2012-11-04 01:25 AM
Hello,
I am experiencing some troubles recently with floating point calculation within interrupts. I have a dma interrupt running at 400 Khz in double buffer mode. I have an usart RX interrupt coming at 50 Hz. the 400khz interrupt will drive and RGB barled very smoothly. The 50Hz interrupts decodes an RC Radio signal. the 400Khz interrupt has higher priority than the 50 Hz one. in the 50Hz interrupt, I am retrieving integer values that I wanted to scale to 0 -> 100%. If I do the floating point calculation which is basic : Y = (a - offset) / Scale, this results in a very strange behaviour (Scale and offset are constant non zero values ). My whole main loop is very much slowed (from 30hz to 2Hz). Is there any issue with using floating point calculation within interrupts? The same calculation done in the main loop will not cause any issue.2012-11-04 01:59 AM
there is no restriction to use FPU in ISR.
using FPU in an ISR adds some latency for ISR entry/exit. FPU frame has to be saved/restored before starting the processing.disabling the FPU context save/restore can reduce the latencies if not used any where else.maybe you can share the disassembly of the ISR to check if HW /or SW single precision operation is used.2012-11-04 11:46 PM
You did not mention that you actually use an uC with FPU, say, a F3 or F4.

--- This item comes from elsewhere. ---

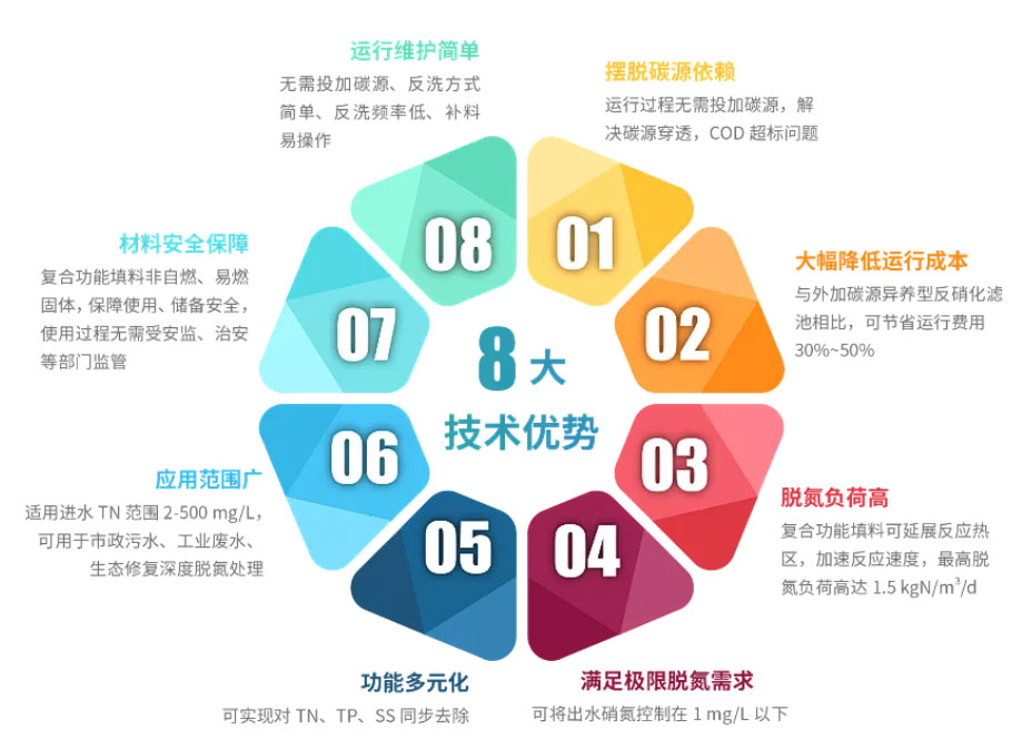 而通過對復合活性生物載體中硫、鐵及其他活性組分進行優(yōu)化設(shè)計,則能促使附著其上的功能微生物形成代謝偶聯(lián)網(wǎng)絡(luò),實現(xiàn)高生物持有量、長距離電子傳遞,進而獲得高負荷脫氮能力,徹底擺脫對碳的依賴。▼SADeN®技術(shù)8大核心優(yōu)勢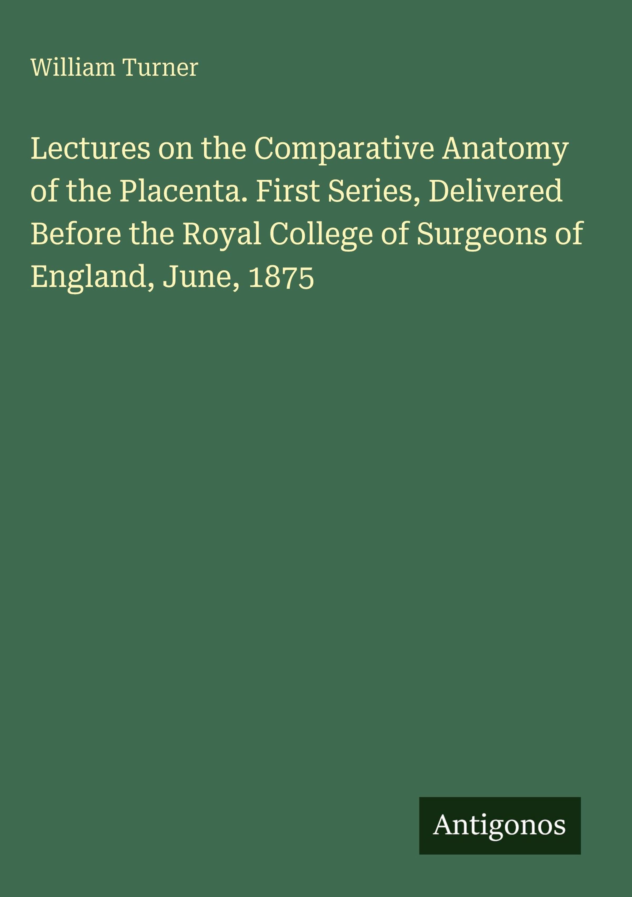 Lectures on the Comparative Anatomy of the Placenta. First Series, Delivered Before the Royal College of Surgeons of England, June, 1875

If not so, take a look at the assembler code. The called library routines will definitely take longer than 2.5us. I rather suggest to invest some minutes and solve your scaling in the integer realm. Multiply by 100 or 1000, do your scaling, and than divide again.2012-11-13 03:20 AM
The lower end STM32 micros do not have floating point units, so all floating point calculations have to be performed via software libraries which makes these operations far slower than integer ones. The problem you are having is simply that the micro does not have enough time to complete the floating point operations before the next interrupt.
It's nearly always possible to replace floating point operations with integer ones, certainly in the case of a simple scaling operation which would speed things up significantly. However, 400kHz is an extraordinarily fast rate for an interrupt to run at, and makes me think that you have a fundamental design issue. Why do you have to run this interrupt so fast? I have made smooth RGB LED faders on tiny 8 bit PICs without maxing out the CPU, so an STM32 should barely be running above idle.2012-11-13 04:28 AM
It's nearly always possible to replace floating point operations with integer ones, certainly in the case of a simple scaling operation which would speed things up significantly.
Maybe the initiator of this thread is a Mathlab/Simulink disciple ? That software produces nice models with an option to export as C code, but unfortunately uses floating point datatypes by default. The reality on FPU-less controllers is a little different than the model ... And for the speed up when using scaled integer - two orders of mangnitude are not uncommon.